| Name (Last, First) | Student ID | Section contributed  | Section edited      | Other contributions   |
|--------------------|------------|----------------------|---------------------|-----------------------|
| Hawlader, Antanila | 301332035  | Researched the codes | finding datasets    | provided functions    |
| Long, Jiang        | 200099436  | Inputted the codes   | edited all sections | inputted functions    |
| Savkovic, Sava     | 301397121  | Research codes       | researched reviews  | reviewed all sections |

In [1]:
import csv
import itertools
import math
import nltk

The solution to the assignment is mostly based on the Datacamp tutorial [Python sentiment analysis tutorial](https://www.datacamp.com/community/tutorials/simplifying-sentiment-analysis-python) by Sayak Paul (Sayak, 2021). The tutorial is a "bag-of-words" approach with supervised machine learning using Naive Bayes. We have adapted the tutorial to perform sentimental analysis on a large set of Rotten Tomatoes reviews downloaded from [Rotten Tomatoes movies and critic reviews dataset](https://www.kaggle.com/stefanoleone992/rotten-tomatoes-movies-and-critic-reviews-dataset) from Kaggle as a large CSV (Leone, 2020).

We have truncated the CSV file so it's less than 100 MB so it will be under GitHub's file size limit. The truncated CSV contains 485,212 movie reviews from Rotten Tomatoes, each labeled 'Fresh' (positive) or 'Rotten' (negative). But we will only work on the first 128,000 movie reviews so the process won't take too long. So we set `max_documents` to 128000.

In [2]:
max_documents = 128000 # 'None' means no limit. Tokenizing all 485,212 reviews will take a LONG TIME

file_path = 'rotten-tomatoes-movies-and-critic-reviews-dataset/rotten_tomatoes_critic_reviews.csv'

# Open the file again for reading
f = open(file_path, encoding='UTF8')
csv_reader = csv.DictReader(f)

We read the CSV file line by line. For each line, we store the record as a set. The first element is tokenized review text, the second element is either 'pos' for positive ('fresh') reviews or 'neg' for negative ('rotten') reviews.

In [3]:
documents = []
documents_text = ''

for line in itertools.islice(csv_reader, 0, max_documents):
    # For some reason '10,000' shows up as an "informative feature", let's ignore comments with it
    if "10,000" in line['review_content']: 
        continue
    if(line['review_type']):
        sentiment = False
        if line['review_type'] == 'Fresh':
            sentiment = 'pos'
        if line['review_type'] == 'Rotten':
            sentiment = 'neg'
        if(sentiment):
            tokens = nltk.word_tokenize(line['review_content'])
            documents_text = documents_text + line['review_content']
            documents.append((tokens, sentiment))

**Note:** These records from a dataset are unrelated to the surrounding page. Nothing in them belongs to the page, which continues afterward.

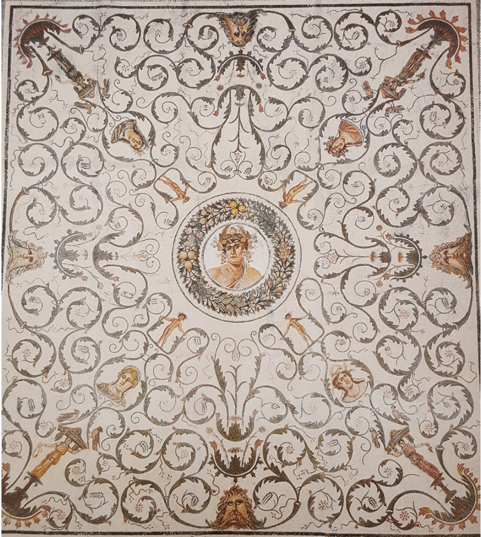
Fig. 7. Mosaico de Anus y las Cuatro Estaciones de Thysdrus que se conserva en el Museo de El Djem.

XXXIV, III; Clarke, 1979: 62) e Iguvium , fechado en el siglo IV d.C. (Stefani, 1942: 372-373) y en el polícromo de Oriculum , entre el 115 d.C. y años siguientes (Guattani,
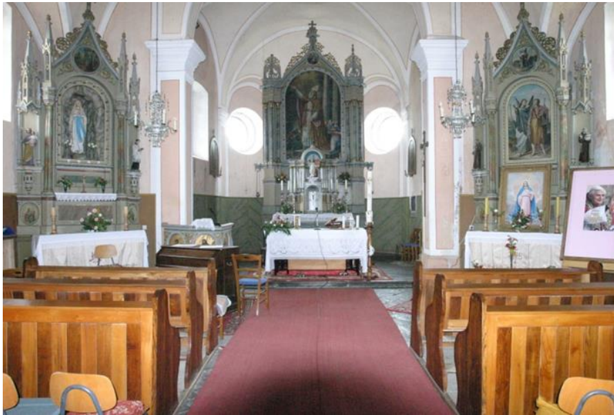
7. Unutrašnjost crkve sv. Nikole
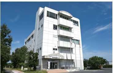
彩湖自然学習センター (みどりパル) 荒川の自然と川の防災について学べる施設。川と自然をテーマにした展示もあります。
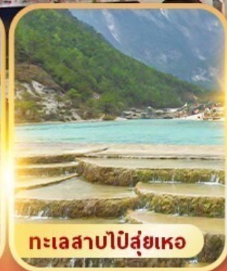
ทะเลสาบปิสุ่ยเหอ
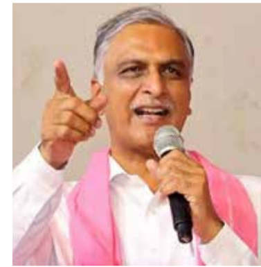
హైదరాబాద్, సిటీ టైమ్స్

తెలంగాణ ఉద్యమంలో రాజీనామా చేయక వెన్నుచూపి పారిపోయిన కేంద్ర మంత్రి కిషన్ రెడ్డి పార్లమెంట్ సాక్షిగా మరోసారి ద్రోహానికి పాల్పడ్డారని మాజీ మంత్రి, డిప్యూటీ స్పీకర్ లీడర్ హరీశ్ రావు మండిపడ్డారు. రాజ్యసభలో కిషన్ రెడ్డి పచ్చి అబద్ధాలతో, చరిత్ర వక్రీకరణలతో తన లోపలి వికృతత్వాన్ని బయట పెట్టుకున్నారని ఆరోపించారు. ఏడు మందలాలను ఏపీకి అప్పగించాలనేది విభజన చట్టంలో ఉందని కిషన్ రెడ్డి పేర్కొన్నదం చారిత్రక అవాస్తవమే కాదు.. తెలంగాణకు చేస్తున్న తీరని ద్రోహమని అన్నారు.
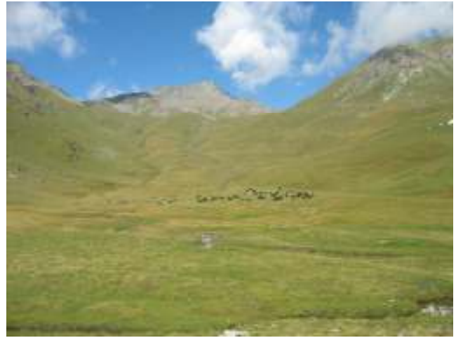
(2) Langs de Navisence wandelen we door een wijde vallei tot waar de alpenweiden beginnen.
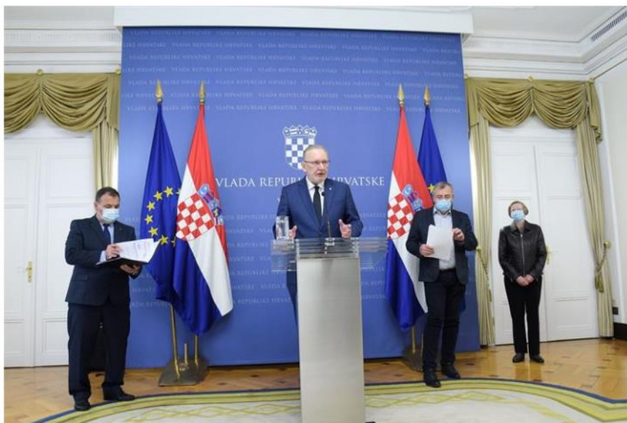
Slika 11. Članovi Stožera na konferenciji za medije 7. travnja 2022.
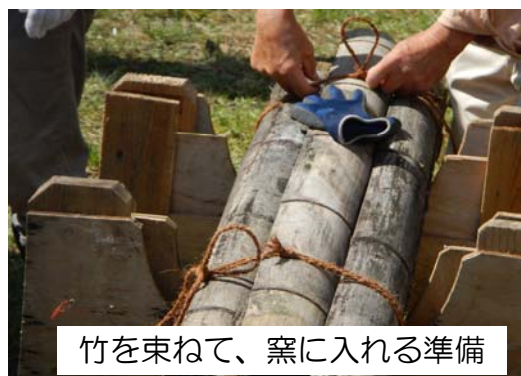
竹を束ねて、窯に入れる準備
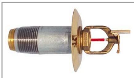
No regulable tipo seco horizontal de pared
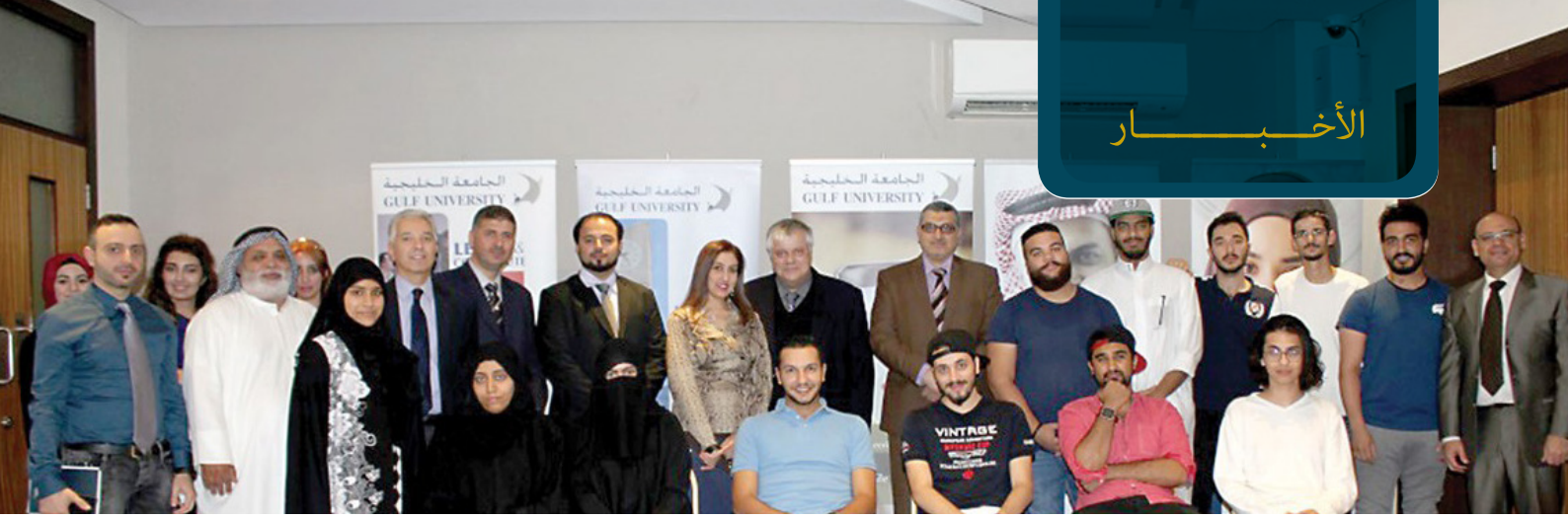
هاوزر متوسطا الكادر التعليمي وطلاب كلية الهندسة

في العمارة والتصميم الداخلي: هاوزر الأمريكي يشيد بدناميكية طلاب الخليجية في التفاعل مع سوق العمل والجامعة تؤكد على تطوير الذات والعمل الجماعي وزيادة الاستديوهات
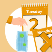
Do not re-use the mask

Remember that masks alone cannot protect you from COVID-19. Maintain at least 1 metre distance from others and wash your hands frequently and thoroughly, even while wearing a mask.
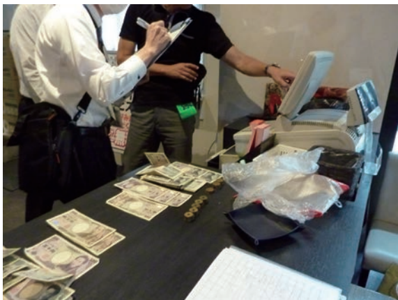
兵庫県と合同で営業店舗を強制搜索

さらに、本年度は兵庫県から「個人住民税等整理回収チーム」の派遣を受け、滞納整理の強化を図っており、不誠実な滞納者に対して滞納処分を実施しています。
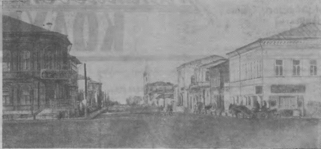
Самара (ныне г. Куйбышев). Дворянская улица. Эта улица тесно связана с Самарским периодом жизни и деятельности Ильича. Здесь располагался Самарский окружной суд, где работал Ленин.

In the mean time, we concatenate all the reviews we looked at in a a single long string `documents_text`, and tokenize it into `documents_tokens`.

In [4]:
documents_tokens = nltk.word_tokenize(documents_text)

print(f"Using {len(documents)} documents.")

Using 127959 documents.


Next, we will retrieve the most frequently occurring 2,000 words in the reviews we looked at. Theses words will be used for feature extraction. We set `max_word_features` to `2000` so we only look at the most common 2,000 words.

In [5]:
max_word_features = 2000

all_words = nltk.FreqDist(w.lower() for w in documents_tokens)

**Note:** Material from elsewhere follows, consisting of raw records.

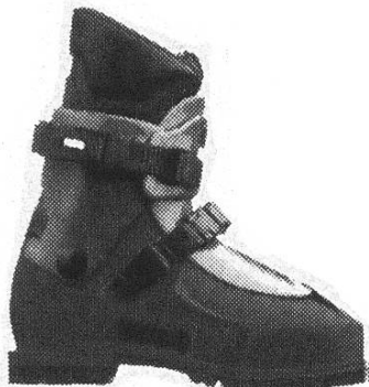
Koflach Valluga 4000
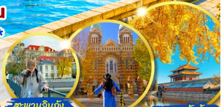
สะพานจินถิง
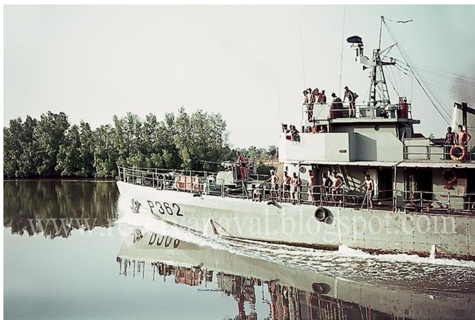
Em cima, a LFG «Orion» navega para montante no rio Cacheu e, em baixo, a LDM 307 em plena navegação algures num rio da Guiné

Podia começar assim a narrativa, alguns pormenores escapam-me pelo tempo decorrido, mas retive-a como um dos momentos que balizaram a minha comissão como oficial da Reserva Naval e Imediato da LFG «Orion», decorria o mês de Setembro de 1966, entre os dias 11 e 13 e levaram-me a colocar separadores nessa minha memória histórica.
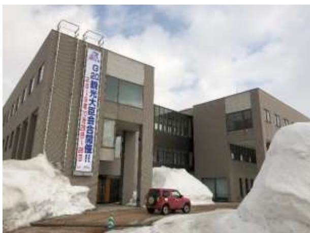
後志総合振興局（懸垂幕）
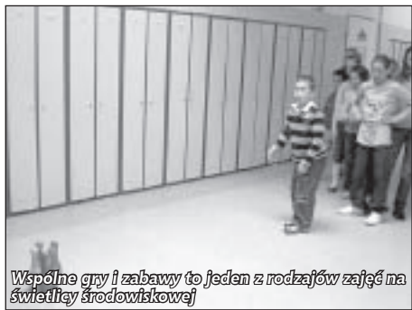
Wspólne gry i zabawy to jeden z rodzajów zajęć na świetlicy środowiskowej

Ze świetlicy działającej przy Szkole Podstawowej Nr 1 korzystała grupa 31 uczniów z klas I – VI. Stałą grupę stanowiło 25 uczniów, pozostali uczniowie to osoby korzystające z opieki sporadycznie, najczęściej oczekujące na zajęcia popołudniowe czy basen.
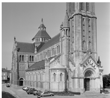
Elévation Sud-Ouest : vue générale
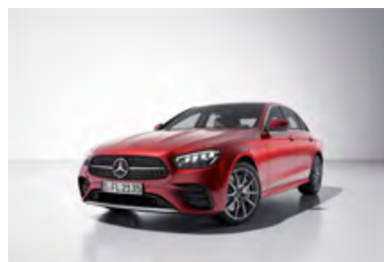
disegno rojo jacinto metalizado*
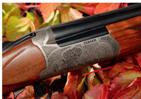
A báscula é muito ligeira, fabricada em liga de alumínio (Ergal 55), leve e resistente.
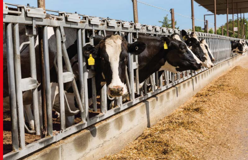
酪農場でもバイオガス施設でも

Kemperは、収穫が順調に進み、お客様が落ち着いて実際の仕事と取引先に集中できるように全力を尽くします

word_features = list(all_words)[:max_word_features]

We then use the 2,000 words to extract features. We do this by going through each review (`document`). For each review, we add a feature `contains(WORD)` for each of the 2,000 `WORD`s: `contains(the)`, `contains(a)`, `contains(it)`, etc. Therefore, each review will have 2,000 features. We store these in a list of sets, the first element in the set being the 2,000 features, and the second element in the set being the class (`pos` or `neg`).

In [6]:
def document_features(document):
    document_words = set(document)
    features = {}
    for word in word_features:
        features['contains({})'.format(word)] = (word in document_words)
    return features

featuresets = [(document_features(d), c) for (d,c) in documents]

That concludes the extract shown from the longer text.